Continuing with the example used so far, shown below is the result of the build step. Since this is also the last step in the parsing process, this is also what gets returned to the user.

from finesse.script.compiler import KatCompiler

compiler = KatCompiler()
model = compiler.compile(
    l l1 P=(1/2)*l2.P
    l l2 P=1

The Model contains the relevant items:

<finesse.model.Model object at 0x7d37efffae70>

1 optical mode

    - [0 0]

2 components

    - Laser('l2', signals_only=False, f=0.0, phase=0.0, P=1.0)
    - Laser('l1', signals_only=False, f=0.0, phase=0.0, P=(0.5*l2.P))

0 detectors

0 cavities

0 locking loops


Source code: script/generator.py

The job of the unparser is to transform a Finesse Model and other objects into KatScript.

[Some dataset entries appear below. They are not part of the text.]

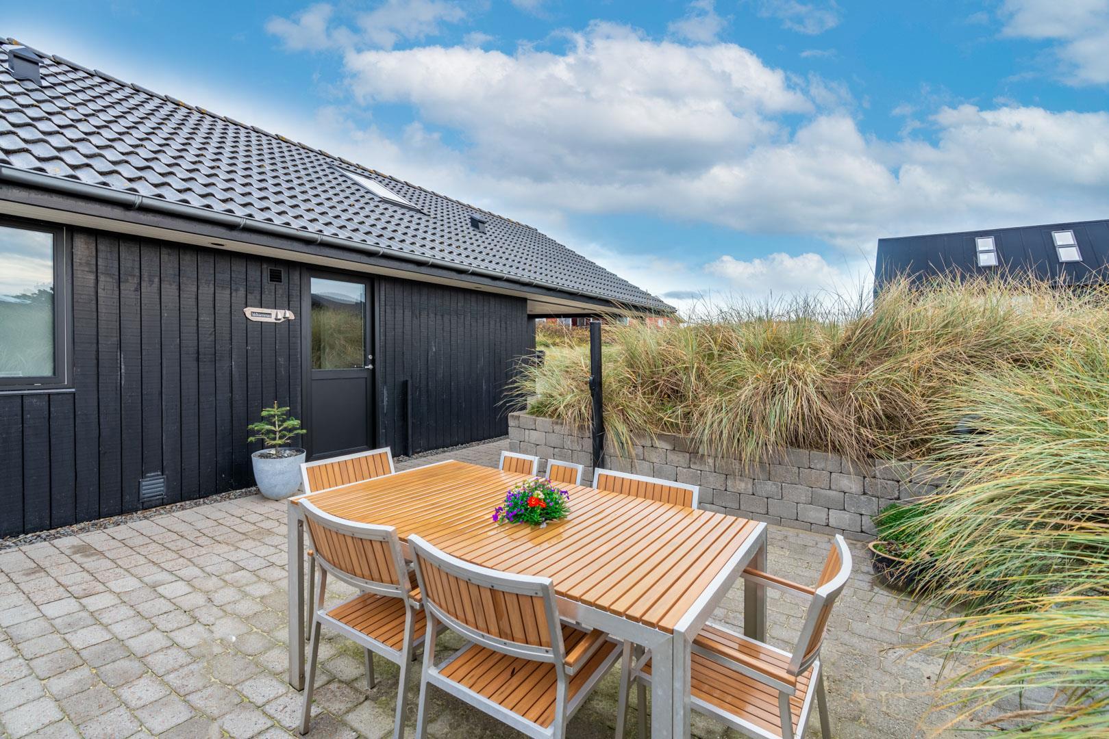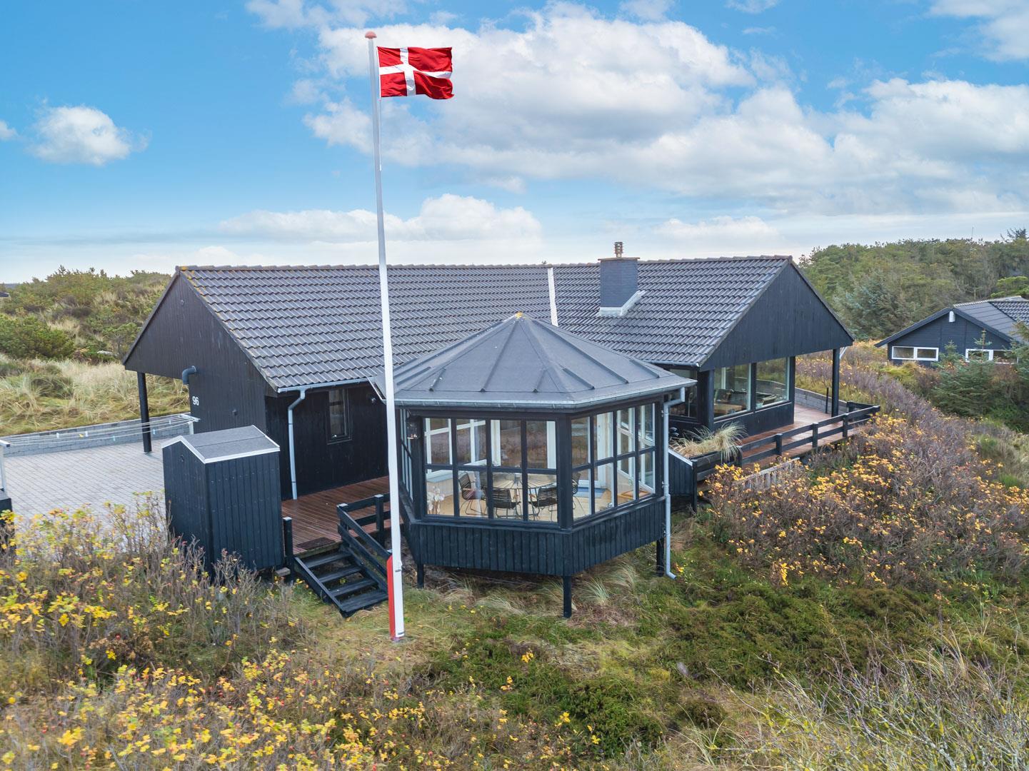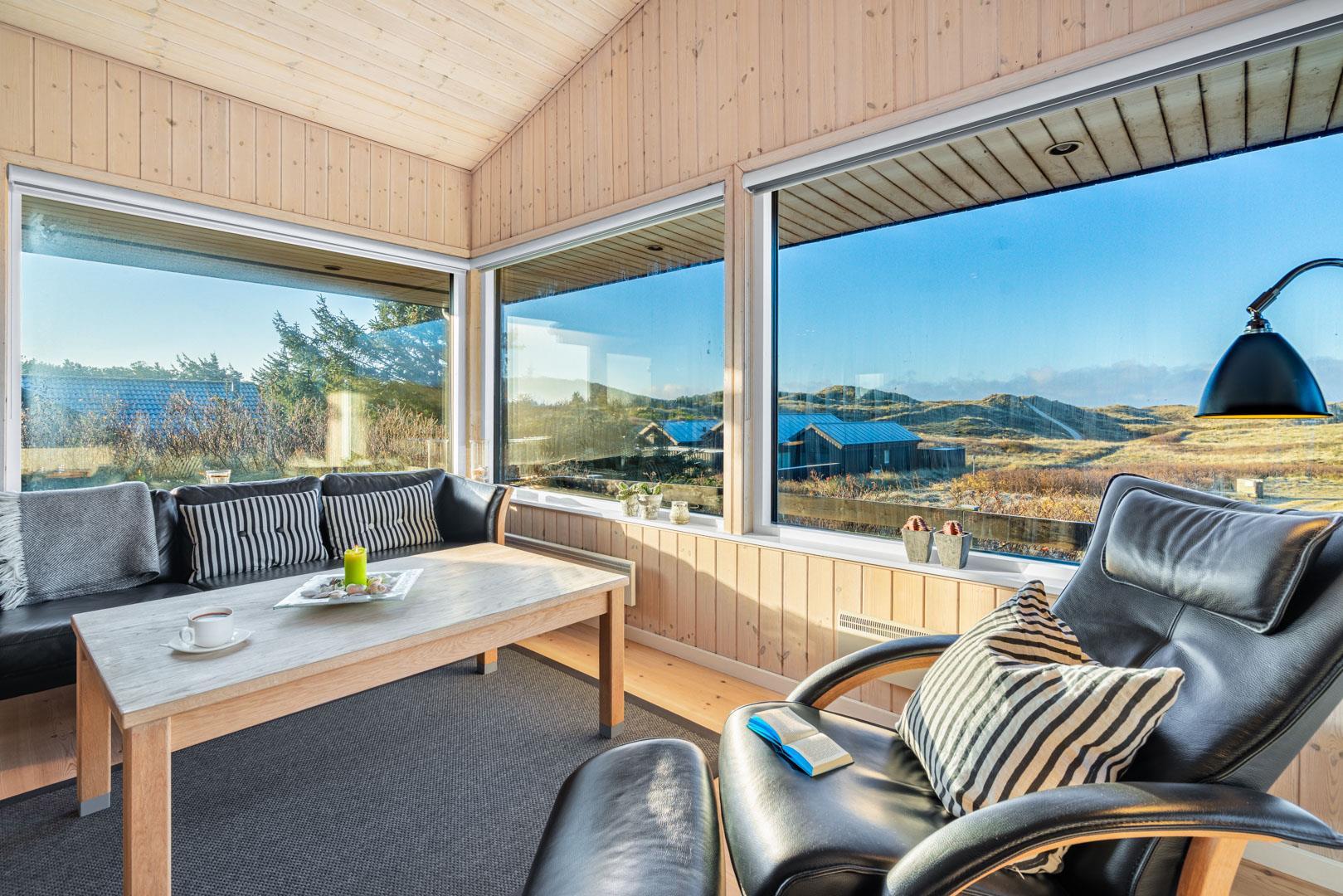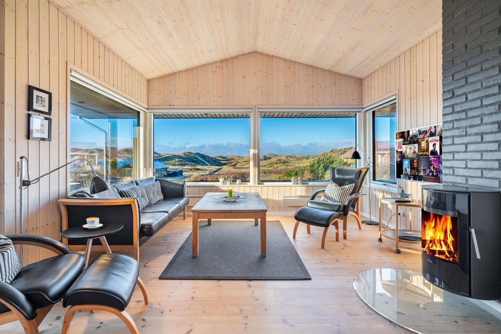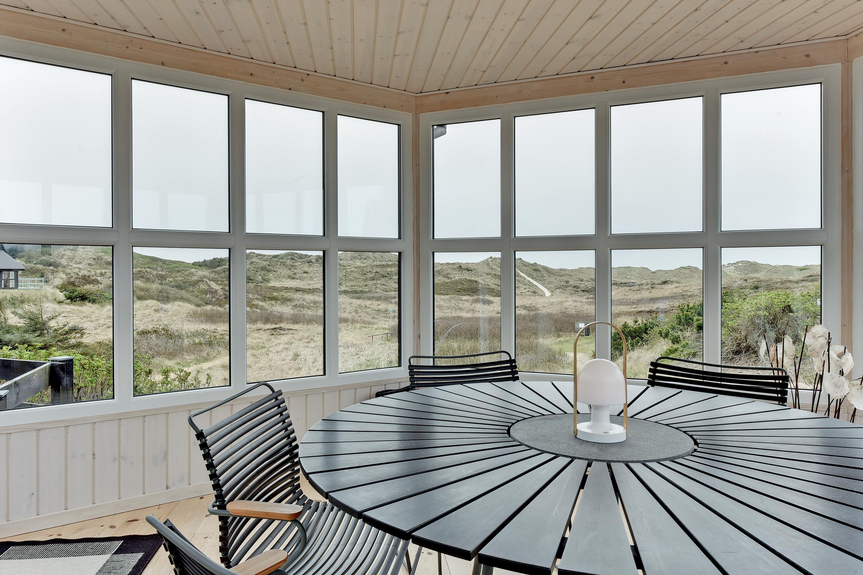 Feriehuset ligger helt fredeligt og velplaceret på en pragtfuld klitgrund, og det er opført med tanke på at optimere både lysindfald og udsigt. I kan derfor glæde jer til at nyde udsigten, mens I griller røde bøffer på terrassen, se frem til at følge med i vindens lette rusken i marehalmen, mens I drikker kaffe i pavillonen og ikke mindst håbe på regnvejr, så I kan lytte til dråberne, der trommer på ruderne i stuens kæmpestore vinduesparti.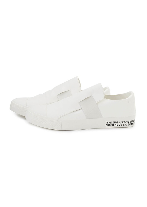 柔らかい合皮で仕上げたクリーンな印象のスリッポン型のスニーカー。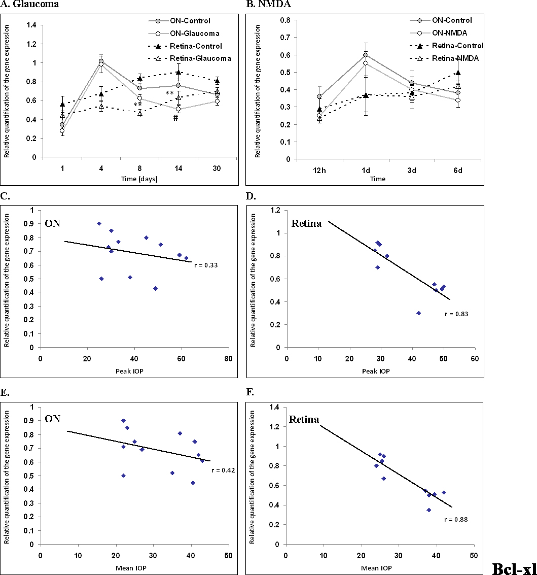 Figure 8. Real-time polymerase chain reaction analysis of the prosurvival gene, Bcl-xl, from optic nerves and retinas of glaucoma (A) and NMDA retinal toxicity (B) models. Bcl-xl gene expression decreased significantly in both the optic nerves (ONs) and retinas of glaucomatous eyes,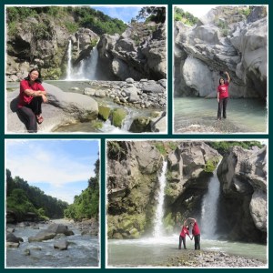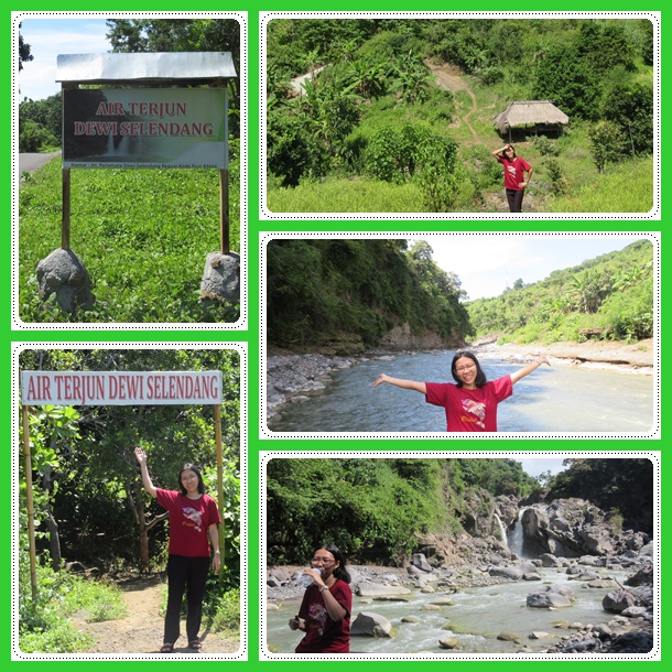 Untuk menuju air terjun Dewi Selendang, kita harus menyeberangi sungai ini. Ketinggian air sungai kira-kira sebetis. Kami cukup beruntung karena air sungainya tidak terlalu tinggi. Jika air sungai tinggi dan deras, tidak aman untuk bisa menyeberangi sungai dan tentu tidak bisa mendekati air terjun tersebut. Setelah itu kami kemudian berjalan ke arah hulu sungai lewat batu-batu di pingir sungai. Akhirnya tibalah kami di air terjun Dewi Selendang. Suasananya yang sejuk menggantikan kelelahan dan perjalanan yang menguras keringat.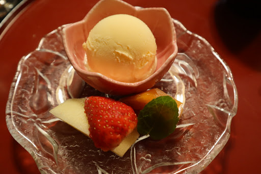 ☆食前酒(梅酒) ☆3種前菜(栗の甘露煮・フグの卵黄焼き・ホタルイカ酢味噌) ☆お造り(車海老・まぐろ・鯛・ブリ) ☆茶碗蒸し ☆蓋物(無花果の餡掛け) ☆焼物(銀ダラ味醂・ツワ佃煮) ☆鉄板焼(地物和牛・エリンギ・ピーマン・かぼちゃ・ナス) ☆揚物(海老・かぼちゃ・オクラ・エリンギの天ぷら) ☆イクラちらし寿司 ☆お魚のお味噌汁 ☆デザート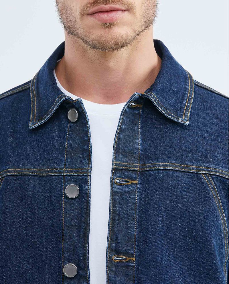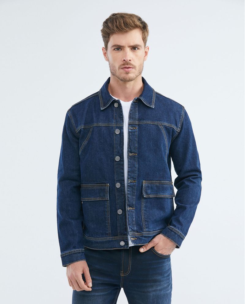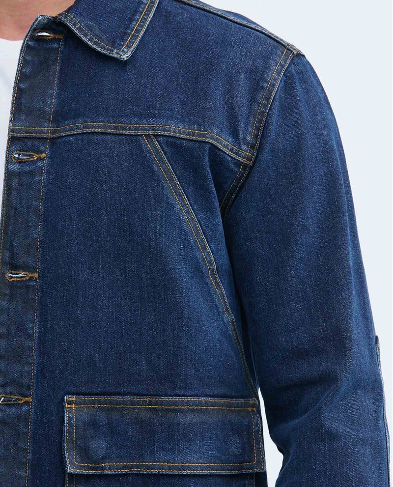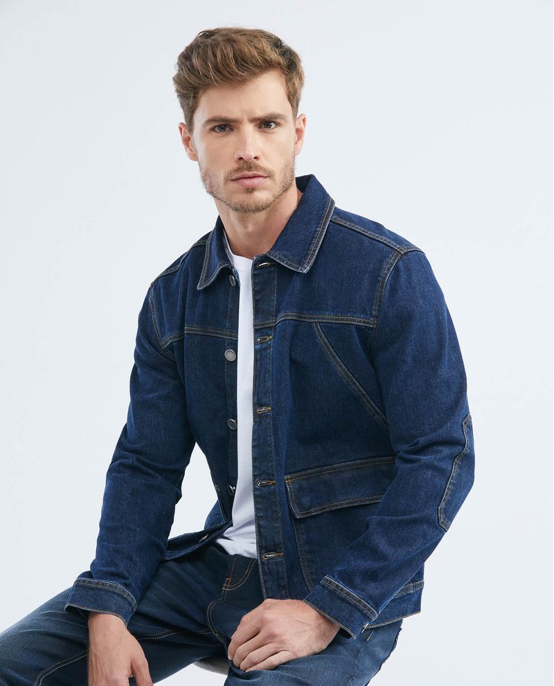 Chaqueta de Hombre en Denim, Tipo Militar Straight Fit - Azul Oscuro
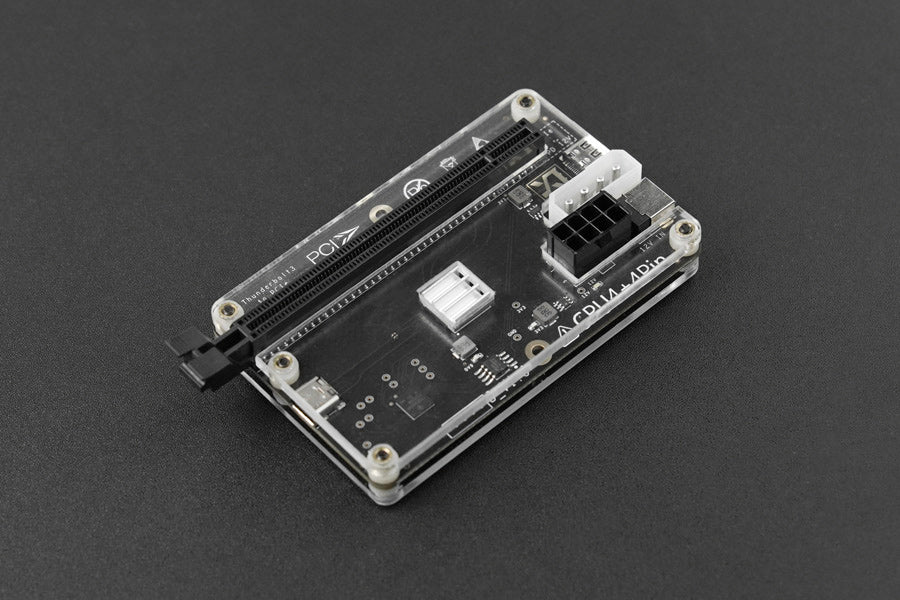 This is a cost-effective Thunderbolt to PCIe docking station specially prepared for LattePanda Sigma users. It is compact in size and has two Type-C interfaces and a PCIe x16 card slot on board. Equipped with the sixth-generation Intel Thunderbolt JHL6340 main control chip, it has excellent anti-interference performance and minimizes signal transmission loss. It is fully compatible with Thunderbolt 3, Thunderbolt 4, and USB4 interfaces. The transmission speed is up to 21.5Gbps, allowing you to enjoy smooth images and operations. The docking station does not require driver installation, plug and play, and can be easily paired with LattePanda Sigma or Laptops. It can be connected to high-performance graphics cards or various high-speed PCIe devices, greatly improving the performance of LattePanda Sigma, Laptops, and Desktops.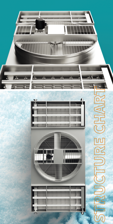 1 .双冷却管束, 两侧进风设计, 进风更高效, 冷凝器更稳定。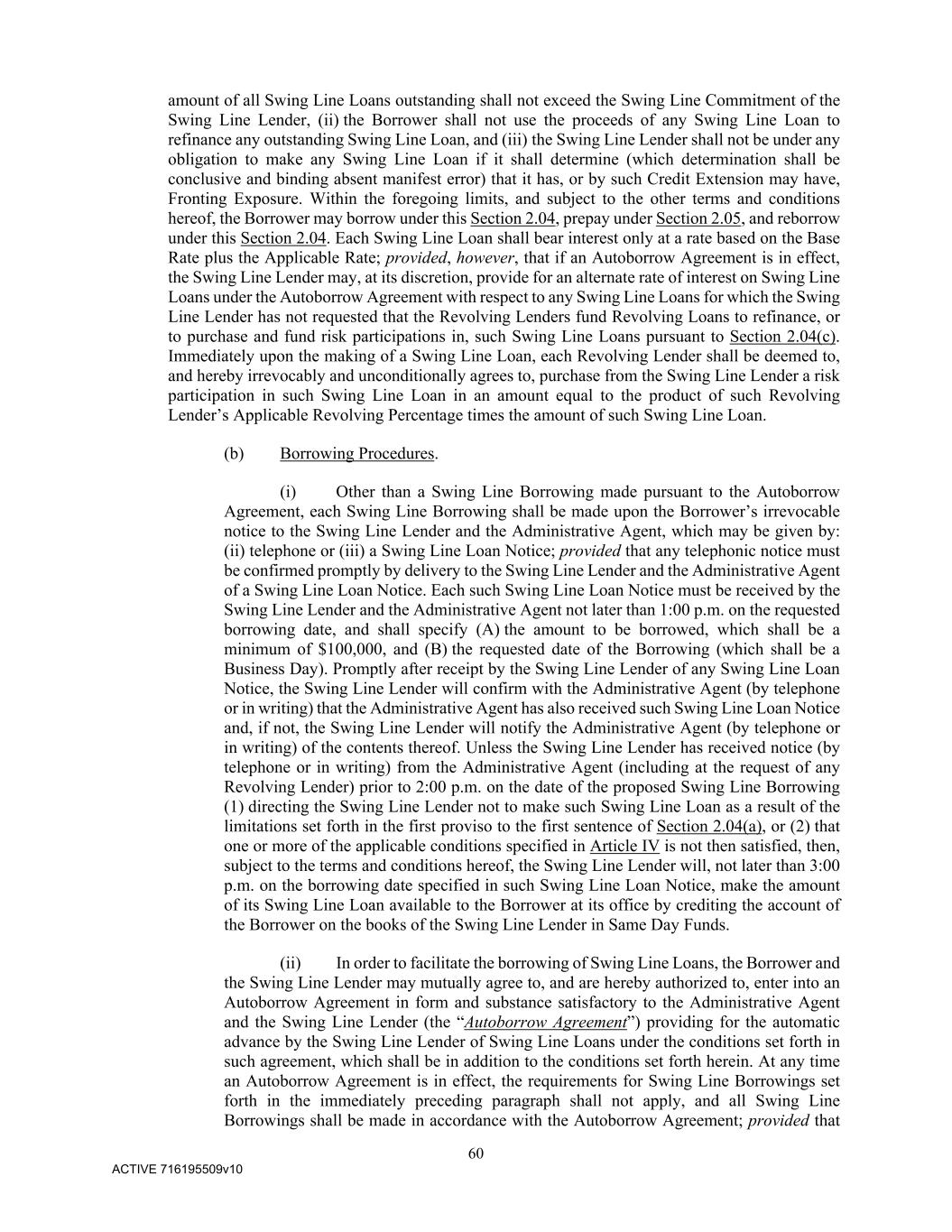 60 ACTIVE 716195509v10 amount of all Swing Line Loans outstanding shall not exceed the Swing Line Commitment of the Swing Line Lender, (ii) the Borrower shall not use the proceeds of any Swing Line Loan to refinance any outstanding Swing Line Loan, and (iii) the Swing Line Lender shall not be under any obligation to make any Swing Line Loan if it shall determine (which determination shall be conclusive and binding absent manifest error) that it has, or by such Credit Extension may have, Fronting Exposure. Within the foregoing limits, and subject to the other terms and conditions hereof, the Borrower may borrow under this Section 2.04, prepay under Section 2.05, and reborrow under this Section 2.04. Each Swing Line Loan shall bear interest only at a rate based on the Base Rate plus the Applicable Rate; provided, however, that if an Autoborrow Agreement is in effect, the Swing Line Lender may, at its discretion, provide for an alternate rate of interest on Swing Line Loans under the Autoborrow Agreement with respect to any Swing Line Loans for which the Swing Line Lender has not requested that the Revolving Lenders fund Revolving Loans to refinance, or to purchase and fund risk participations in, such Swing Line Loans pursuant to Section 2.04(c). Immediately upon the making of a Swing Line Loan, each Revolving Lender shall be deemed to, and hereby irrevocably and unconditionally agrees to, purchase from the Swing Line Lender a risk participation in such Swing Line Loan in an amount equal to the product of such Revolving Lender’s Applicable Revolving Percentage times the amount of such Swing Line Loan. (b) Borrowing Procedures. (i) Other than a Swing Line Borrowing made pursuant to the Autoborrow Agreement, each Swing Line Borrowing shall be made upon the Borrower’s irrevocable notice to the Swing Line Lender and the Administrative Agent, which may be given by: (ii) telephone or (iii) a Swing Line Loan Notice; provided that any telephonic notice must be confirmed promptly by delivery to the Swing Line Lender and the Administrative Agent of a Swing Line Loan Notice. Each such Swing Line Loan Notice must be received by the Swing Line Lender and the Administrative Agent not later than 1:00 p.m. on the requested borrowing date, and shall specify (A) the amount to be borrowed, which shall be a minimum of $100,000, and (B) the requested date of the Borrowing (which shall be a Business Day). Promptly after receipt by the Swing Line Lender of any Swing Line Loan Notice, the Swing Line Lender will confirm with the Administrative Agent (by telephone or in writing) that the Administrative Agent has also received such Swing Line Loan Notice and, if not, the Swing Line Lender will notify the Administrative Agent (by telephone or in writing) of the contents thereof. Unless the Swing Line Lender has received notice (by telephone or in writing) from the Administrative Agent (including at the request of any Revolving Lender) prior to 2:00 p.m. on the date of the proposed Swing Line Borrowing (1) directing the Swing Line Lender not to make such Swing Line Loan as a result of the limitations set forth in the first proviso to the first sentence of Section 2.04(a), or (2) that one or more of the applicable conditions specified in Article IV is not then satisfied, then, subject to the terms and conditions hereof, the Swing Line Lender will, not later than 3:00 p.m. on the borrowing date specified in such Swing Line Loan Notice, make the amount of its Swing Line Loan available to the Borrower at its office by crediting the account of the Borrower on the books of the Swing Line Lender in Same Day Funds. (ii) In order to facilitate the borrowing of Swing Line Loans, the Borrower and the Swing Line Lender may mutually agree to, and are hereby authorized to, enter into an Autoborrow Agreement in form and substance satisfactory to the Administrative Agent and the Swing Line Lender (the “Autoborrow Agreement”) providing for the automatic advance by the Swing Line Lender of Swing Line Loans under the conditions set forth in such agreement, which shall be in addition to the conditions set forth herein. At any time an Autoborrow Agreement is in effect, the requirements for Swing Line Borrowings set forth in the immediately preceding paragraph shall not apply, and all Swing Line Borrowings shall be made in accordance with the Autoborrow Agreement; provided that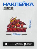Дизайн: Самурай в красных доспехах с золотыми рогами и мечом. — идеально подходит для декора и восстановления одежды.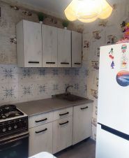 Кухня 6.7 кв м в которой установлен новый кухонный гарнитур.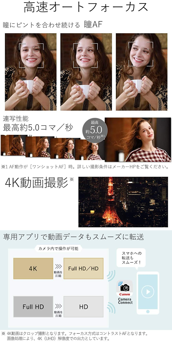 - 高画質フルサイズ: 約2620万画素の35mmフルサイズCMOSセンサーを搭載。背景を美しくぼかした表現や、暗い場所でのノイズを抑えた撮影が可能です。

Currently this is an experimental feature, though it is already quite powerful - for example, combined with the legacy parser it is capable of converting Finesse 2 style KatScript to that of Finesse 3.

The unparser can be used on models originally built with KatScript or via the Python API; it does not matter. The original KatScript form is currently not retained during model compilation, so unparsing does not retain the original form: script order may be different, comments are lost and whitespace is normalised. Future improvements to the unparser are planned to allow the original parsed form of a model to be retained as much as practical (see #200).

The unparser is a toolchain containing an uncompiler (itself containing an unbuilder and unfiller), an unparser, and an untokenizer. The majority of the computation takes place in the uncompiler stage, with unparsing and untokenizing relatively trivial operations. These are explained in the sections below.


The uncompiler transforms a Model or other Finesse object into KatScript by first building a KatGraph and then tokenising it. The graph filling is performed by the unbuilder and the tokenising is performed by the unfiller.


The graph is built using a functional programming dynamic dispatch paradigm, applying polymorphic behaviour depending on type (using functools.singledispatch()). The dispatcher is called recursively, with the code for each matched type extracting and dispatching contained objects, adding nodes for each intermediate step, until types that have direct KatToken analogues are reached. Edges are drawn connecting related nodes, such as the name, parentheses, delimiters and parameters of functions.

For example, a model gets built by passing it to the dispatcher. The dispatcher matches and runs the code for Model, which extracts its elements, commands and analysis, further calling the dispatcher on each. In the case of the model’s elements, the dispatcher matches and runs the code for ModelElement, which extracts, among other things, the model parameters and once more passes these to the dispatcher. Parameters containing terminal types such as numbers are again dispatched, with the dispatcher this time matching code that creates a KatNumberToken. The graph filled by this sequence is a tree (unlike the graph built by the parser, where references create edges between branches), with each branch (representing elements, commands and analyses and their constituents therein) ultimately terminating with nodes corresponding to tokens.


The graph created by the unbuilder is converted into a series of production objects by using the type attribute defined for each node to determine which production constructor to call. Connected nodes are themselves recursively converted to appropriate productions.

The productions are added to a KatScript object. This is then passed to the unparser.


The unparser receives a KatScript object, loops through its productions, extracts its tokens in order and calls the untokenizer.


The untokenizer takes KatToken objects as input and converts them to their corresponding KatScript string forms. In practice, the token’s raw value is simply extracted and returned.